Note that we no longer need to keep around a separate list of all the nodes since each node is represented as a pair consisting of the label of the node along with a list of the labels of all of its adjacent nodes.

Graphs algorithms are just algorithms that operate on graphs and they form a particularly important subarea of algorithms. It might be interesting playing with a couple of algorithms as long as I don't get carried away. It's often useful to determine whether or not there is a path from one node to another in a graph, and algorithms that make such determinations of actually find and return paths are called graph-searching algorithms. Let's take a look at a Scheme version of one the most basic (and important) such algorithms for determining if a path exists in graph; it's called dfs_path? because it answers the question whether or not a path exists using depth-first search (DFS), a strategy for searching graphs that we'll explain shortly. I'll just paste this function into a shell running Scheme.

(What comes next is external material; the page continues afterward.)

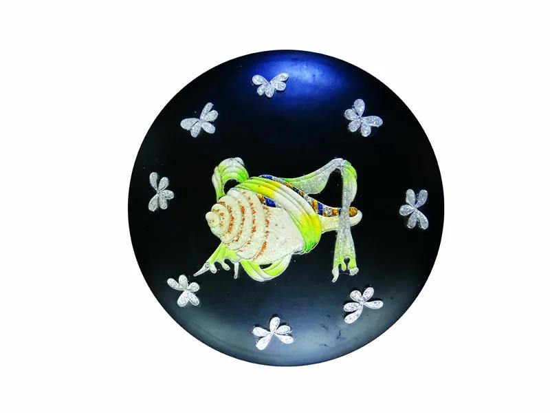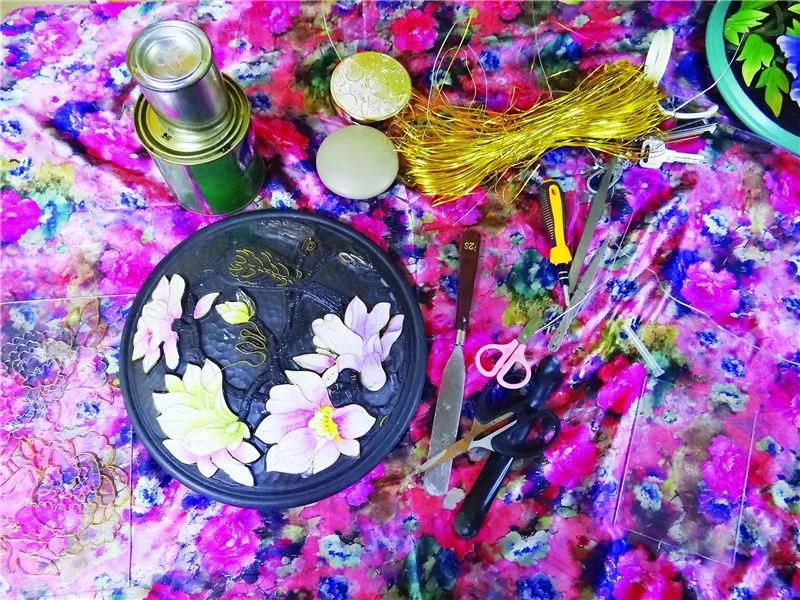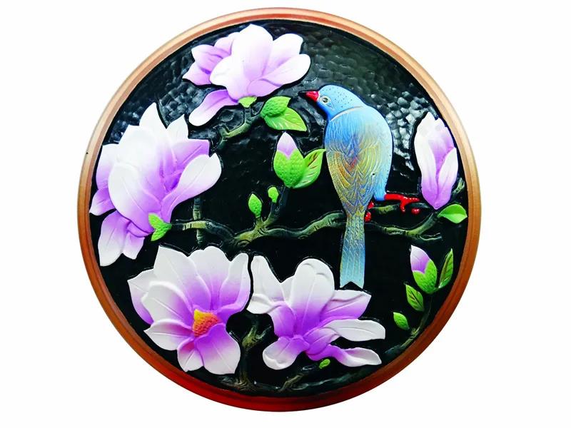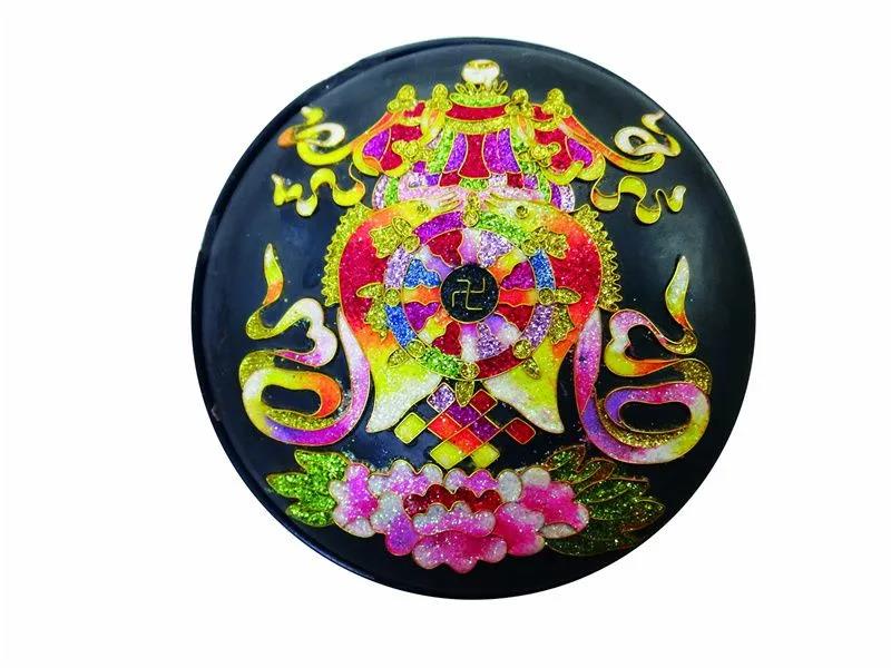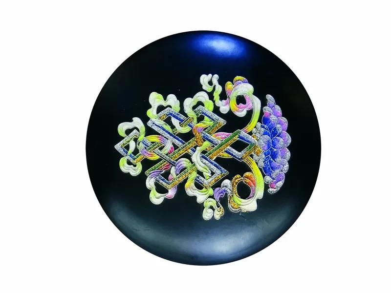 傳統(tǒng)的景泰藍制作工藝為:先描圖后掐絲,再上釉,后反復(fù)燒制,工序可達上百道。而云南掐絲彩嵌黑陶是將釉料燒制好研磨成細粉再掐絲作畫,將五彩艷麗的釉料粉鑲嵌在黑陶上,將原來的上百道工序簡化為十多道工序。成品具有防水、防腐,不易褪色的特點。

> (define (dfs_path? graph queue goal max_steps)
    (if (or (empty_queue? queue)
            (= max_steps 0))
        "no"
      (if (= (first_node queue) goal) 
          "yes"
        (dfs_path? graph 
                   (append (get_links (first_node queue) 
                                      graph)
                           (remaining_nodes queue))
                   goal
                   (- max_steps 1)))))

And also some auxiliary functions whose definitions I hope you won't look at because I don't want to explain them and they're not necessary for you to understand in order to follow along - just interpret the functions names as you would english, e.g., (first_node queue) means return the first node off the queue and (remaining_nodes queue) means return all the rest of the nodes on the queue (minus the first).

> (define (first_node queue) (car queue))
> (define (remaining_nodes queue) (cdr queue))
> (define (empty_queue? queue) (null? queue))
> (define (initialize_queue node) (list node))
> (define (get_links node graph) (cadr (assoc node graph)))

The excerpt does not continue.